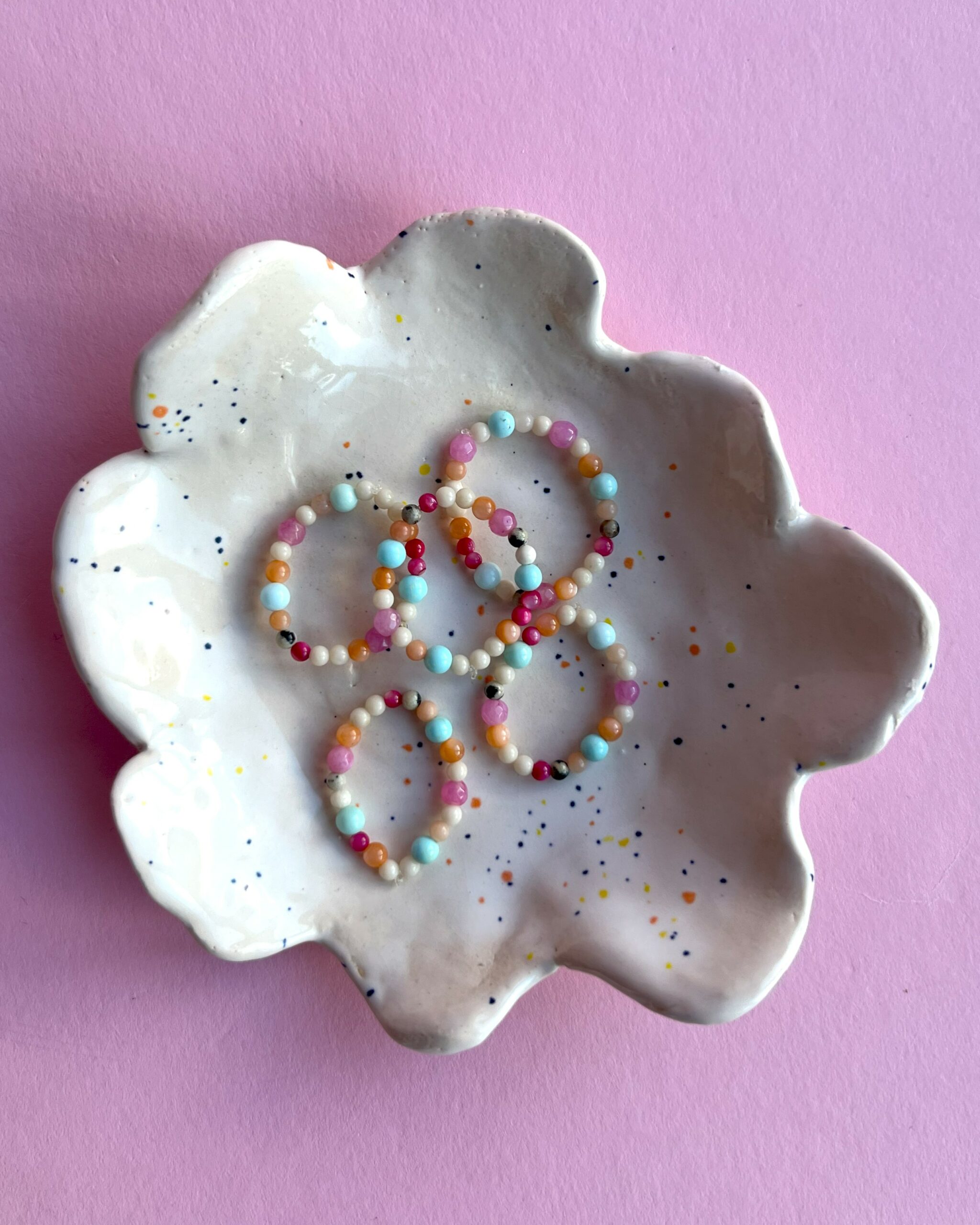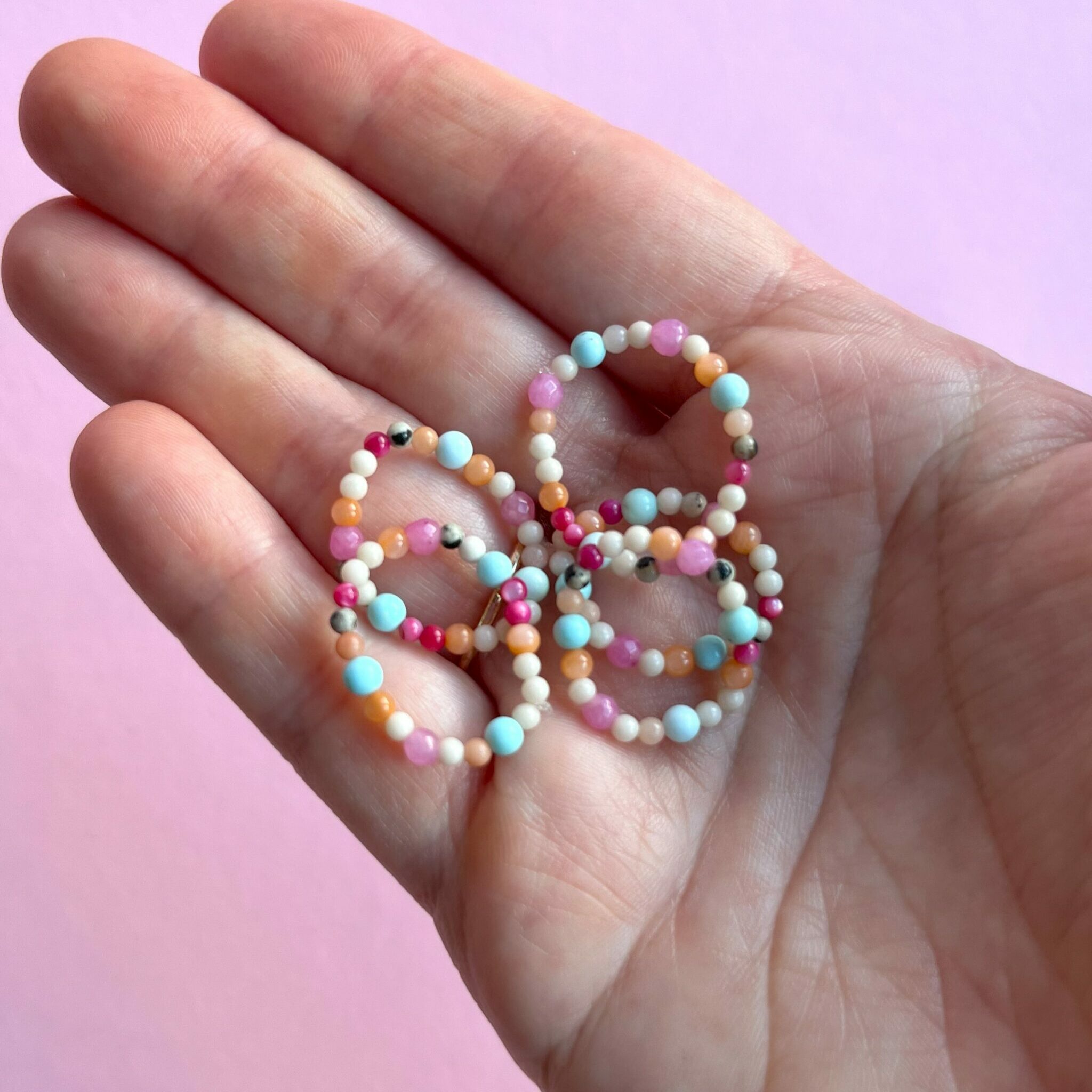 Pierścionek na gumce elastycznej pełen pięknych, malutkich pereł. Niezwykle wygodny, dopełni każdą stylizację.
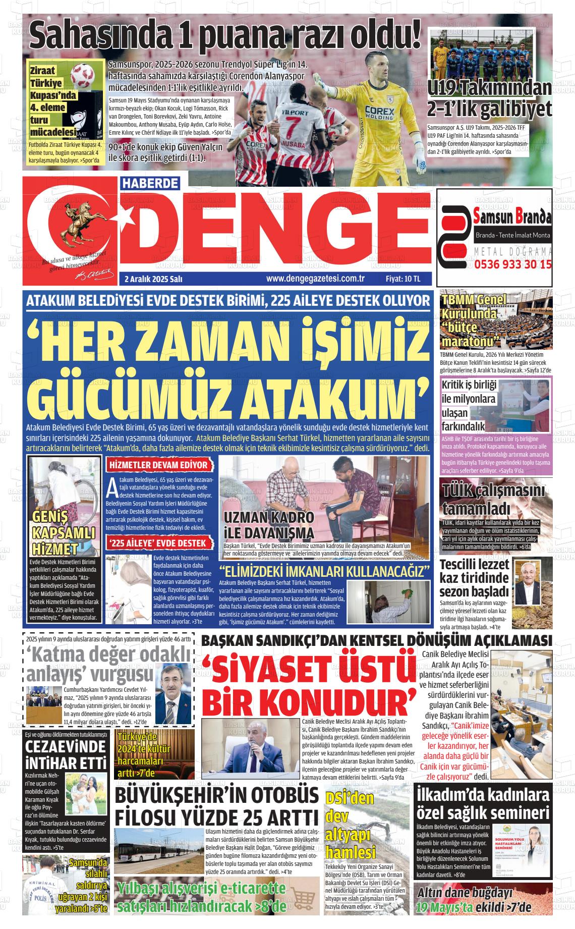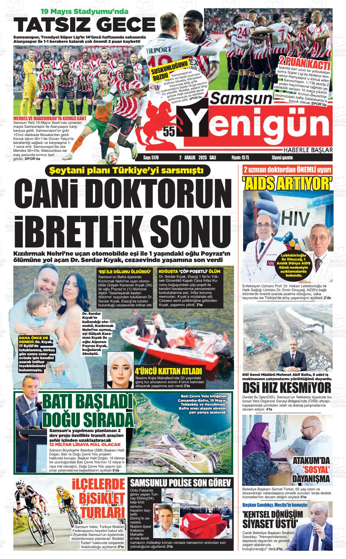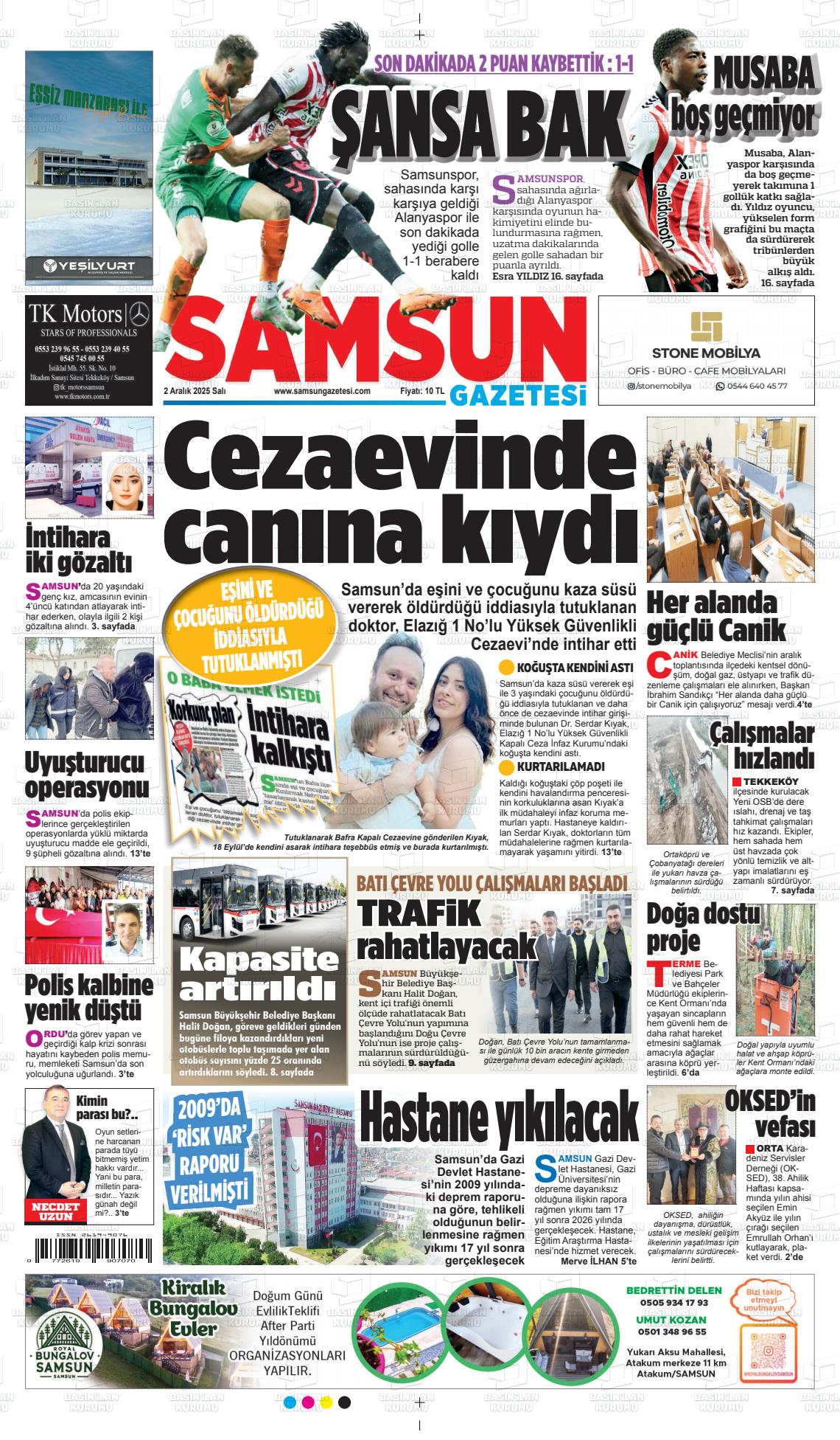 Samsun Yerel Gazeteleri 02 Aralık 2025, Salı Günü Manşeti
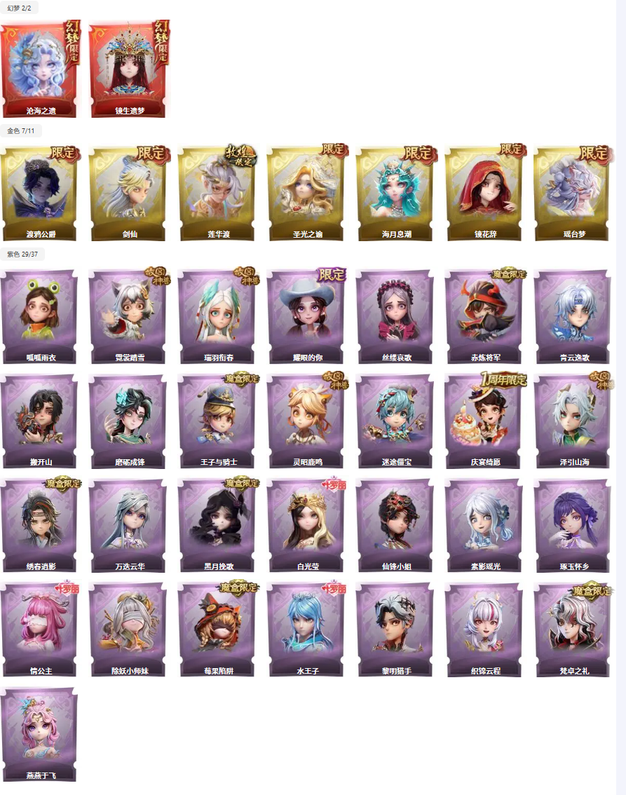 满图鉴2红7金29紫非遗皮沧海之遗剑仙莲华渡瑶台梦渡鸦赤炼将军泽引山海绣春逍影
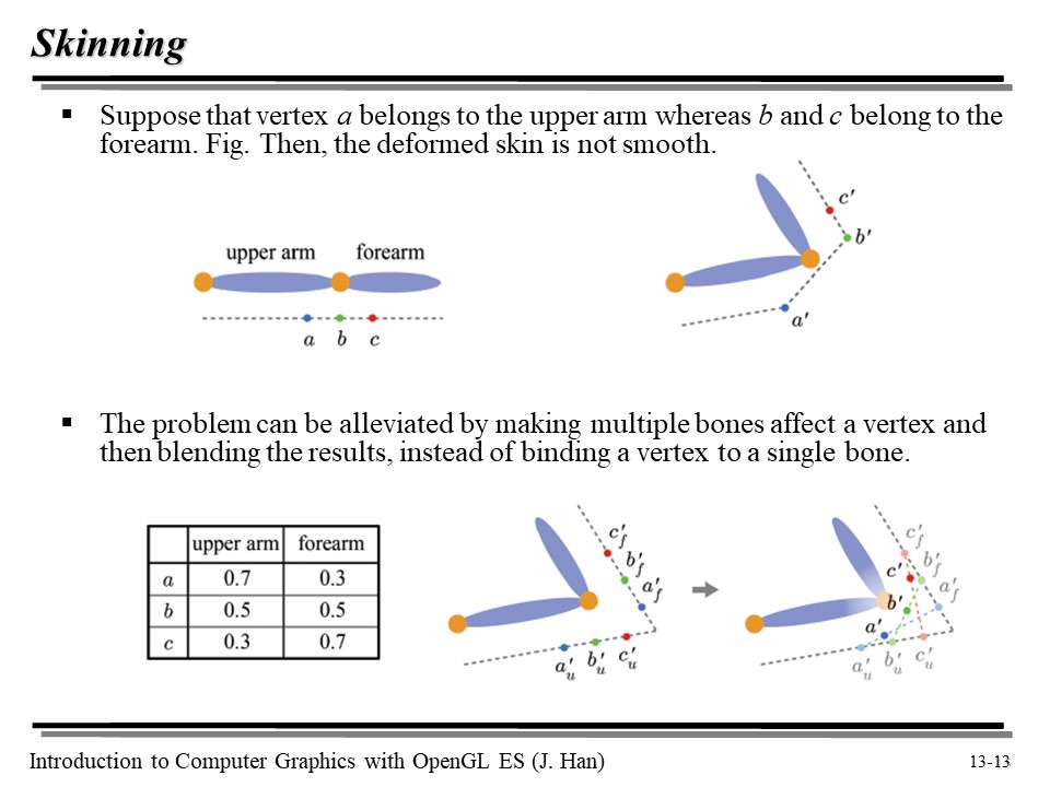 그런데 사실 피부와 뼈는 일대일 대응관계가 아니다.. upper arm 에 있는 피부는, forearm 에 있는 뼈의 움직임에 영향을 받는다 😅 (뼈 위에 있는 점 a, b, c 를 보면, 뼈가 굽어졌을 때, 보간이 필요하다는 것을 확실히 알게 해 준다)
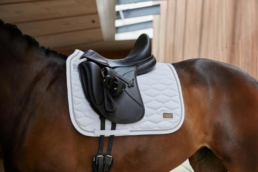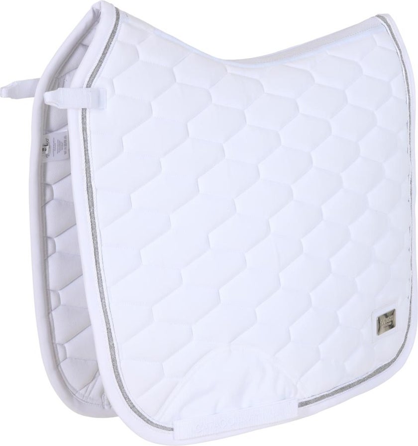 Elegant sadelunderlag designet af en glat, støvafvisende nylonjersey. Dekoreret med en flad krystal glitter trimmet tape, bundet af smalle reb rør.
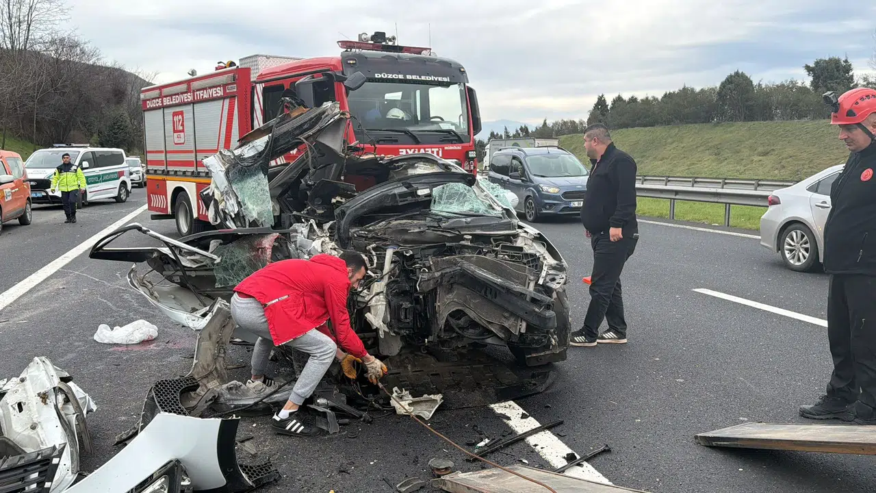 Kaza, saat 14.30 sıralarında Otoyolun Gümüşova rampaları mevkisinde meydana geldi. İstanbul istikametinde seyreden Hamza Güven (25) idaresindeki 34 BZN 727 plakalı otomobil, aynı yönde giden Hayati Erdoğan yönetimindeki 34 AZD 564 plakalı tıra çarptı. Çarpmanın etkisiyle sürücü Güven ile araçta bulunan Muhammed Furkan Bozar (20) otomobilde sıkıştı.
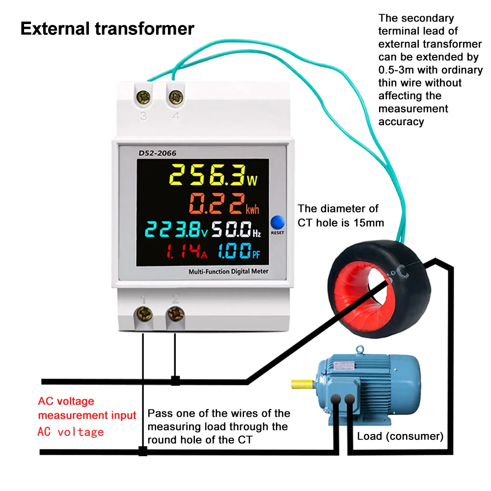 Многофункциональный цифровой измеритель на DIN-рейке D52-2066 может измерять напряжение переменного тока, переменный ток, активную мощность, коэффициент мощности, частоту и электрическую энергию и одновременно. Измеритель имеет красочный полноэкранный ЖК-дисплей высокой четкости для отображения параметров измерения.
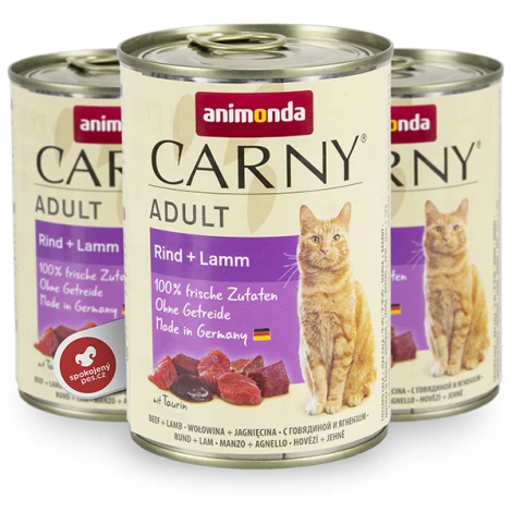 Lahodná konzerva Animonda Carny Adult s hovädzím a jahňacím mäsom je kompletné a vyvážené krmivo pre dospelé mačky. Obsahuje špeciálnu kombináciu antioxidantov na podporu imunity a je vyrobené len z kvalitného mäsa. Neobsahuje farbivá a umelé konzervačné látky.
:::::
Work required
Each line of the material is to be output exactly. Images are not part of the expected output.

Task answer
 Pierścionek na gumce elastycznej pełen pięknych, malutkich pereł. Niezwykle wygodny, dopełni każdą stylizację.
 Samsun Yerel Gazeteleri 02 Aralık 2025, Salı Günü Manşeti
 满图鉴2红7金29紫非遗皮沧海之遗剑仙莲华渡瑶台梦渡鸦赤炼将军泽引山海绣春逍影
 그런데 사실 피부와 뼈는 일대일 대응관계가 아니다.. upper arm 에 있는 피부는, forearm 에 있는 뼈의 움직임에 영향을 받는다 😅 (뼈 위에 있는 점 a, b, c 를 보면, 뼈가 굽어졌을 때, 보간이 필요하다는 것을 확실히 알게 해 준다)
 Elegant sadelunderlag designet af en glat, støvafvisende nylonjersey. Dekoreret med en flad krystal glitter trimmet tape, bundet af smalle reb rør.
 Kaza, saat 14.30 sıralarında Otoyolun Gümüşova rampaları mevkisinde meydana geldi. İstanbul istikametinde seyreden Hamza Güven (25) idaresindeki 34 BZN 727 plakalı otomobil, aynı yönde giden Hayati Erdoğan yönetimindeki 34 AZD 564 plakalı tıra çarptı. Çarpmanın etkisiyle sürücü Güven ile araçta bulunan Muhammed Furkan Bozar (20) otomobilde sıkıştı.
 Многофункциональный цифровой измеритель на DIN-рейке D52-2066 может измерять напряжение переменного тока, переменный ток, активную мощность, коэффициент мощности, частоту и электрическую энергию и одновременно. Измеритель имеет красочный полноэкранный ЖК-дисплей высокой четкости для отображения параметров измерения.
 Lahodná konzerva Animonda Carny Adult s hovädzím a jahňacím mäsom je kompletné a vyvážené krmivo pre dospelé mačky. Obsahuje špeciálnu kombináciu antioxidantov na podporu imunity a je vyrobené len z kvalitného mäsa. Neobsahuje farbivá a umelé konzervačné látky.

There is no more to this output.